Monday, June 20, 2005

Power Optional

We have spent 30 hours without power. It is amazing what can be accomplished by candlelight. Thankfully is has not been too hot so it was bearable to sleep without a fan. Life in Africa certainly demands flexibility and creative problem solving. People go about their business unphased by the lack of electricity. People are used to it. Of course it is novel to me, but I rather enjoy the excitement and the challenge to adapt.

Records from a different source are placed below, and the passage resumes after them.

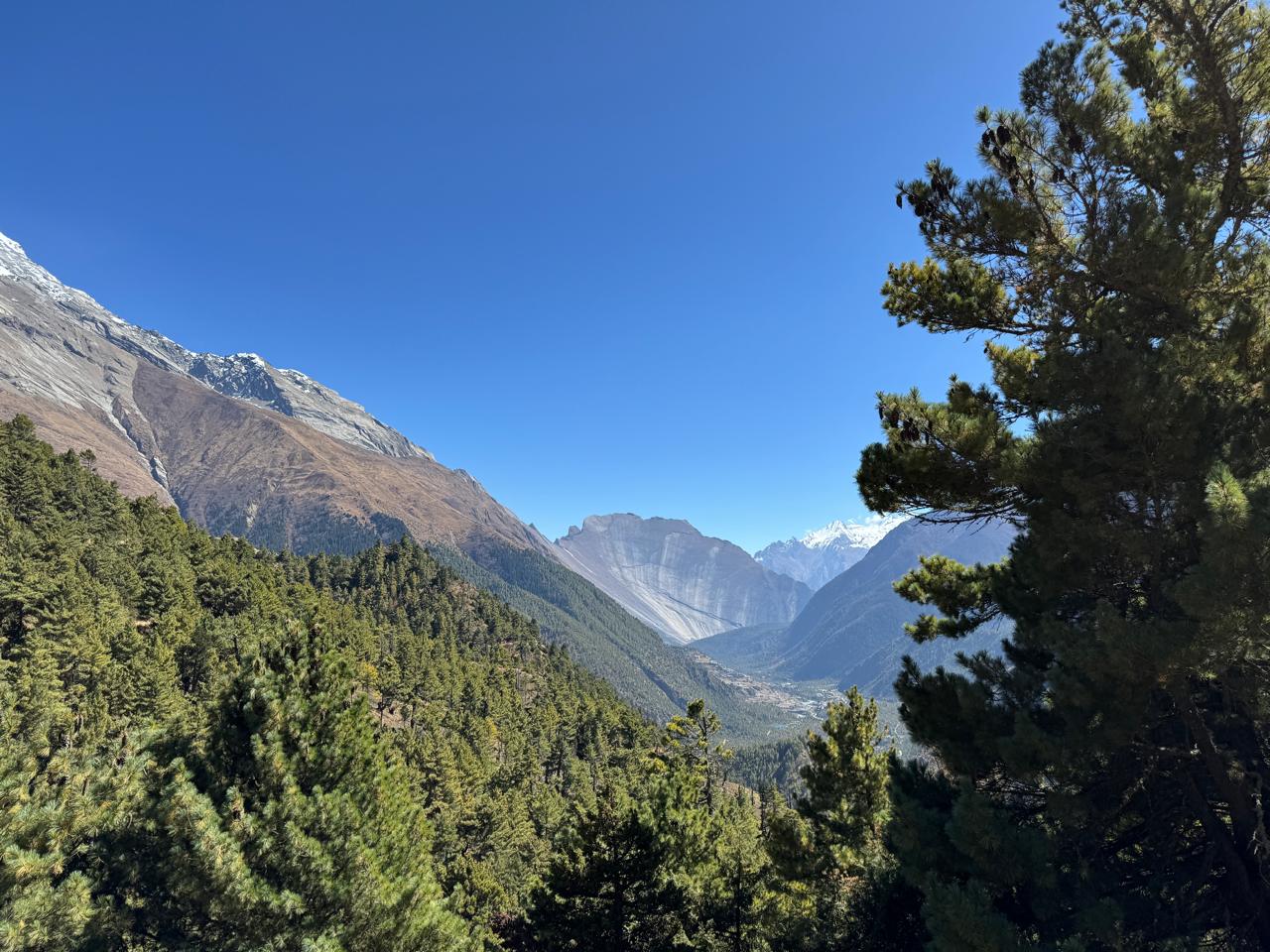 Set out on an exquisite journey along the Annapurna Circuit trek to the charming settlement of Chame (2670m), tucked away from the alpine village of Manang (3540m). Trekkers can enjoy amazing views of the surrounding peaks and beautiful valleys during the five to six-hour journey from Manang to Chame. Trekkers pass through a variety of environments as they descend from the high-altitude topography of Manang, such as pine forests, terraced fields, and rocky pathways.
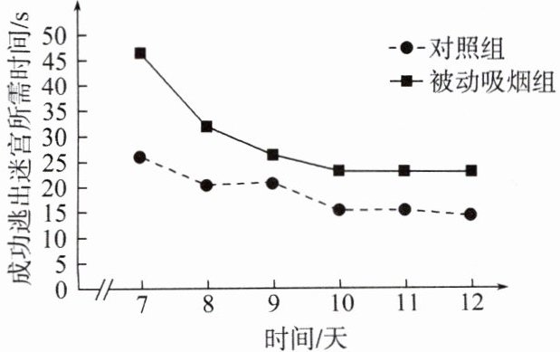 8. 为探究“被动吸烟对仔鼠学习记忆力的影响”,某研究团队训练仔鼠走迷宫,从第7天开始记录仔鼠逃出迷宫所需时间,结果如图。下列有关叙述中,错误的是( )
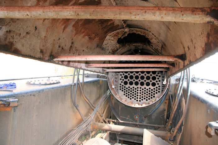 | 20.05.2010 - 9:55 Uhr - Kappeln/Schlei: Angelner Dampfeisenbahn Dampflok S1916 Kesselreparatur Aus dem Kessel wurde der komplette Boden heraus gebrannt. Foto: Eckhard Schmidt - Kappeln - (C) 2010 |
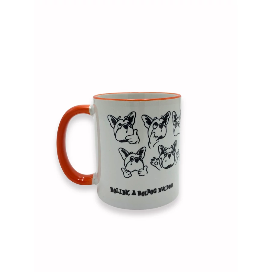 Bolldy, a boldog buldog – kerámiabögre, fehér narancssárga füllel.

Yesterday Laura and I took a trotro to the market. A trotro is the standard Ghanaian public transportation. Usually a trotro is a mini-bus with four or five rows of seats. Each seat sits four + adults. The whole experience completely violates any of my cultural standards about personal space. People sit on each other, climb over each other and hold each other’s children, suitcases, and baskets of chickens. It is hot and sweaty and often physically uncomfortable. Trotros have no schedule, no specific stops, no set route, no standardized licensure…. To a Westerner, they are pure chaos. They are manned by two people: a driver, who drives like a stuntman on speed, and a conductor who is a young man (age 13-25). The conductor has a very important job! He hangs out the open door or window and yells the destination to people outside. The destinations are abbreviated and often are accompanied by a hand signal. For a trotro going downtown to Kwame Nkruma Circle, the conductor yells “Circ Circ!” and waves his hand in a circular motion. At a busy intersection, 20 trotros line up with the conductors yelling the various destinations. At a big intersection or station, drivers do not like to leave until the trotro is absolutely full. Everyone has to sit in the hot trotro waiting until it fills up. This can take hours- literally, not hyperbolically. In the past I have been tempted to yell the destination myself in order to round up more people.
They are uncomfortable, dangerous, slow and confusing, but I have a special place in my heart for the trotro. It is such an African experience! I love rubbing shoulders with strangers and watching the landscape fly by. I did not really feel like I was back in Africa until I rode in a trotro. It is a great way to interact with “normal” folks, and watch life happen genuinely, without packaging or performance. I can sit and listen and watch (as long as I move my feet every few minutes so some blood can circulate down there)!